Cremaschi Andrea, Argiento Raffaele, Shoemaker Katherine, Peterson Christine, Vannucci Marina
Department of Cancer Immunology, Institute of Cancer Research, Oslo University Hospital, Oslo, Norway.
Oslo Centre for Biostatistics and Epidemiology (OCBE), University of Oslo, Oslo, Norway.
Bayesian Anal. 2019 Dec;14(4):1271-1301. doi: 10.1214/19-ba1153. Epub 2019 Mar 28.

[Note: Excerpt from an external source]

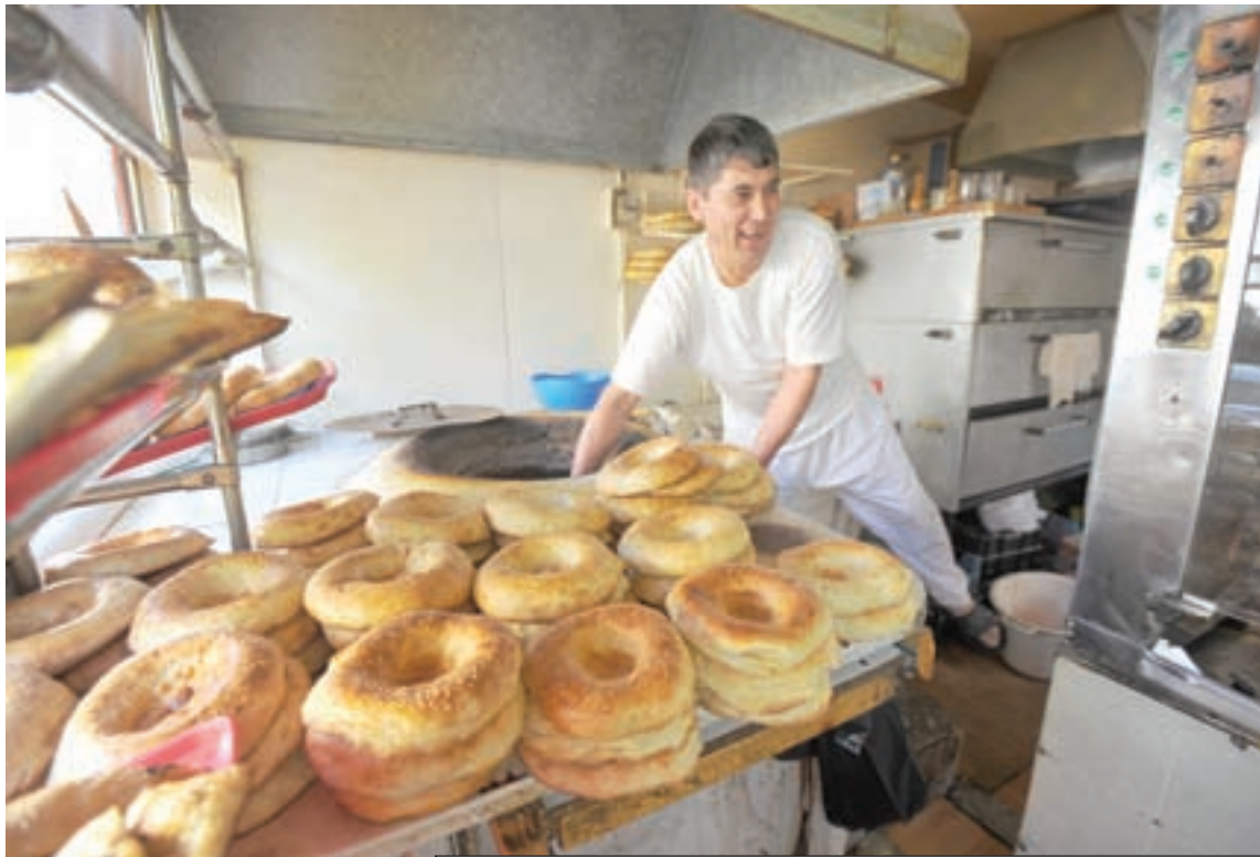
Предприятий малого и среднего бизнеса в Саратовской области огромное количество.

ятия приоритетные функции и регистрируют их как отдельные фирмы. При этом государство выступает лишь в роли арбитра, защищая законные права и интересы всех участников рынка. Вот к такой модели мы стремимся.

Gaussian graphical models are useful tools for exploring network structures in multivariate normal data. In this paper we are interested in situations where data show departures from Gaussianity, therefore requiring alternative modeling distributions. The multivariate -distribution, obtained by dividing each component of the data vector by a gamma random variable, is a straightforward generalization to accommodate deviations from normality such as heavy tails. Since different groups of variables may be contaminated to a different extent, Finegold and Drton (2014) introduced the Dirichlet -distribution, where the divisors are clustered using a Dirichlet process. In this work, we consider a more general class of nonparametric distributions as the prior on the divisor terms, namely the class of normalized completely random measures (NormCRMs). To improve the effectiveness of the clustering, we propose modeling the dependence among the divisors through a nonparametric hierarchical structure, which allows for the sharing of parameters across the samples in the data set. This desirable feature enables us to cluster together different components of multivariate data in a parsimonious way. We demonstrate through simulations that this approach provides accurate graphical model inference, and apply it to a case study examining the dependence structure in radiomics data derived from The Cancer Imaging Atlas.
高斯图形模型是探索多元正态数据网络结构的有用工具。在本文中,我们关注数据偏离高斯性的情况,因此需要替代的建模分布。通过将数据向量的每个分量除以一个伽马随机变量得到的多元分布,是一种直接的推广,以适应偏离正态性的情况,如重尾。由于不同组的变量可能受到不同程度的污染,Finegold和Drton(2014)引入了狄利克雷分布,其中除数使用狄利克雷过程进行聚类。在这项工作中,我们考虑一类更一般的非参数分布作为除数项的先验,即归一化完全随机测度(NormCRMs)类。为了提高聚类的有效性,我们建议通过非参数层次结构对除数之间的依赖性进行建模,这允许在数据集中的样本之间共享参数。这个理想的特性使我们能够以简洁的方式将多元数据的不同分量聚类在一起。我们通过模拟证明了这种方法提供了准确的图形模型推断,并将其应用于一个案例研究,该研究考察了来自癌症成像图谱的放射组学数据中的依赖性结构。